The Boston Red Sox have a fan base and teams that create memories unlike most sports teams. Often, the two inform and feed off the other. Herb Crehan’s The Impossible Dream 1967 Red Sox: Birth of Red Sox Nation (2016, Summer Game Books) celebrates the 50th anniversary of one of those greatest collaborations, which was so memorable it spawned a team name for the history books and launched an identity for those on the sidelines that persists to this day.
Coming in to the 1967 season the Red Sox had little to look forward to. Mired in the second division since 1959, the team had some great young players like Carl Yastrzemski, Jim Lonborg and Tony Conigliaro but had not been able to see it translate to any sort of success in the standings. With rookie manager Dick Williams at the helm there wasn’t necessarily an expectation that was going to change overnight. As it turned out, that was wrong because Boston went on to win 92 games (many in an exceedingly exciting fashion) and took the heavily favored St. Louis Cardinals to seven games in the World Series before finally conceding the end of their magical season.
Crehan pivots back and forth from detailing the season and highlighting 13 of the most memorable figures from the 1967 team—from what they did that year to how their career and lives turned out afterwards. From the MVP performance from Yaz to the iron man exploits on the mound of Lonborg, the squad is rife with stories both good and bad. It was such an exciting year that fans were driven to a frenzy, which have remained a strong force ever since.
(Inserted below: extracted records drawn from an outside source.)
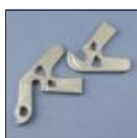
(DR0021) 6-4 Titanium, Rear, Relieved, 49 Degree, Short Hanger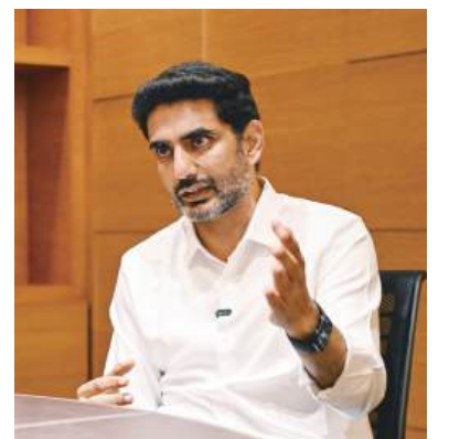
This photograph taken on January 4 shows information technology minister for India's Andhra Pradesh state Nara Lokesh speaking during an interview with AFP in New Delhi.

"But it has created those jobs in countries that have embraced the industrial revolution."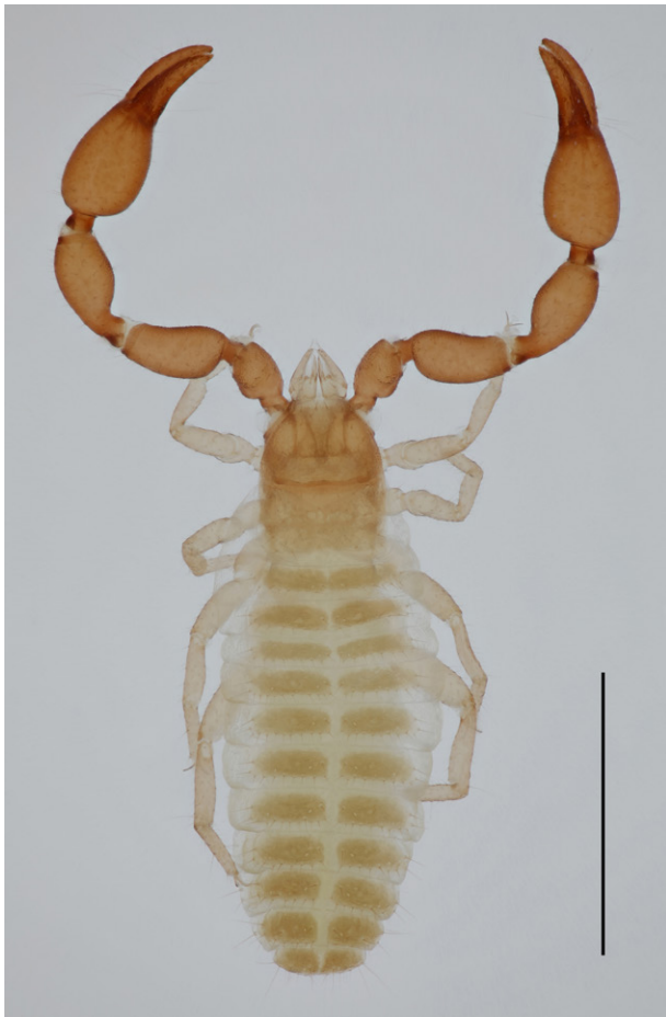
Figure 2. Lamprochernes savignyi . Female, dorsal view. Scale bar: 1 mm.

all with acuminate setae: I 13–15, II 15–17, III 18–19, IV 33–34. Chelicerae: 2.22 × longer than broad; small, slightly sclerotized; five setae (anomaly on the right chelicera, hand with six setae) and two lyrifissures on hand; moveable finger with slender well-developed galea, main stalk with five terminal rami; rallum consisting of three blades; serrula exterior with 17 blades; small, largely unsclerotized teeth situated on both moveable and fixed

The fiery Williams ruled the team absolutely but was not always successful in reaching his players. The weight struggles (and confidence) of players like George Scott and Joe Foy impacted their play on the field but somehow did not become issues that derailed the success of their teammates. Williams was blunt if nothing else, and his methodology and the way it worked (or didn’t) in such cases were major storylines that season.
Second baseman Mike Andrews was a nice player but was never a star. Nevertheless, he was a major contributor in 1967 and went on to have a lasting impact in the Boston community through his work with the Jimmy Fund Charity.
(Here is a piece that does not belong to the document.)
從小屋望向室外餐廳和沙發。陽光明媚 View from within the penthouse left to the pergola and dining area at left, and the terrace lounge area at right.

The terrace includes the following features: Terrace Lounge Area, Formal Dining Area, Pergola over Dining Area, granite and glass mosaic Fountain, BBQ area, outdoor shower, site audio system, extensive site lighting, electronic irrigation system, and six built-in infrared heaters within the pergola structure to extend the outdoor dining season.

Undoubtedly the biggest story on that year’s team was when star outfielder Conigliaro was hit in the face during a game by a pitch and went on to miss the rest of the season and all of 1968. Once looking like a potential future Hall of Famer, the 23 year-old suffered diminished vision, and while he had a couple of productive years upon his return, he was never the same again and out of baseball by the time he was 30. Crehan lingers on the “what might have been” with the slugger, who passed away at the age of 45—his life snuffed out too soon much like his baseball career.
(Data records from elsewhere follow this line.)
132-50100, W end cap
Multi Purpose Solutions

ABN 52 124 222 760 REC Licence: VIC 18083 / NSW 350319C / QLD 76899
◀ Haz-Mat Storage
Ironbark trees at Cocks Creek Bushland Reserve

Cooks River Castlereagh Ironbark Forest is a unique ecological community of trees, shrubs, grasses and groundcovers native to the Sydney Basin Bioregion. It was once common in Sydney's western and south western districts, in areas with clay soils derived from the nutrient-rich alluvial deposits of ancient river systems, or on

The writing style of The Impossible Dream is formulaic in a baseball book sense. An aggregation of statistics, interviews and follow up are all staples of the genre. That being said there is a reason why they are used so often, and the author does a good job here of combining everything into a cohesive narrative.
It’s hard to believe that the 1967 Boston Red Sox are turning 50 this year. The iconic team is one of few to gain such lofty status in history despite not winning it all at the end. This was due to the combination of dynamic and memorable players, and story lines that captivated a fan base in such a way that they would never be the same again. An impossible dream, indeed!
Disclaimer: I was provided with a free copy of this book, but received no payment or other consideration for this review.